In 1976 Carr had begun to tour Europe with the United Jazz and Rock Ensemble, beginning an association which was to last for the next 28 years. A trenchant and eloquent author, he shed light on some disgracefully overlooked titans of British jazz with Music Outside (1973), and co-authored Jazz: The Essential Companion (1987), revised in 1995 as Jazz: The Rough Guide. In 1991 he published Keith Jarrett The Man And His Music. But his great achievement as an author was Miles Davis: A Critical Biography (1982), which became one of the classic books on jazz when Carr expanded and revised it as Miles Davis: The Definitive Biography (1998).

Carr was one of the best of the BBC's jazz presenters and listeners enjoyed and came to trust his measured and lucid assessments of the music. He made two lengthy and remarkable radio series on Miles Davis and Keith Jarrett, travelling to New York with the Radio Three producer Derek Dreschler for his comprehensive research.

"I find him a joy to work with," said Dreschler. "It's jolly nice working with someone who really throws himself into it with such enthusiasm."

At the beginning of the decade Carr also collaborated with Mike Dibb to produce two seminal films for Channel 4 television, one on Davis and one on Jarrett. He taught as Associate Professor of Jazz at the Guildhall School of Music and Drama, and in 2006 he was given an award for Services to Jazz at the BBC Jazz Awards.

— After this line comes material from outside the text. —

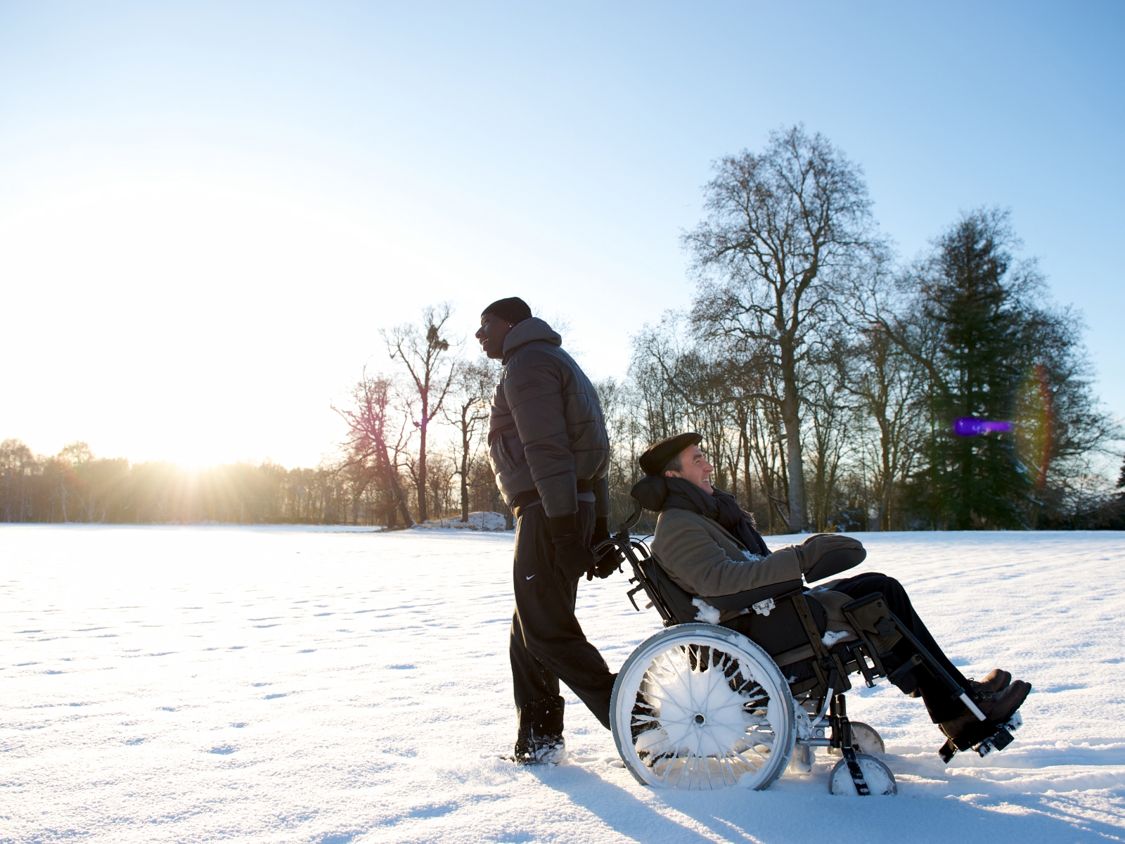 事故で全身麻痺となり、車いす生活を送る富豪と、図らずして介護役に抜擢されたスラム出身の黒人青年。共通点はゼロ。高級住宅地とスラム、ショパンとクール&ザ・ギャング、超高級スーツとスウェット、洗練された会話と下ネタ、車いすとソウル・ミュージックに乗ってバンプする身体―。二人の世界は衝突し続けるが、やがて互いを受け入れ、とんでもなくユーモアに富んだ最強の友情が生まれていく。

He had to fight much adversity for his life was dogged by ill-health and his first wife died in childbirth. He defeated cancer in the mid-Seventies but was afterwards subject to chronic fits of depression and in the last decade he suffered a series of strokes that led to the early onset of Alzheimer's disease, forcing him to spend his last years in a succession of care homes.

Steve Voce

Ian Henry Randall Carr, trumpeter, bandleader, composer, author, teacher: born Dumfries 21 April 1933; married firstly Margaret Bell (deceased, one daughter), secondly Sandy Major (marriage dissolved); died London 25 February 2009.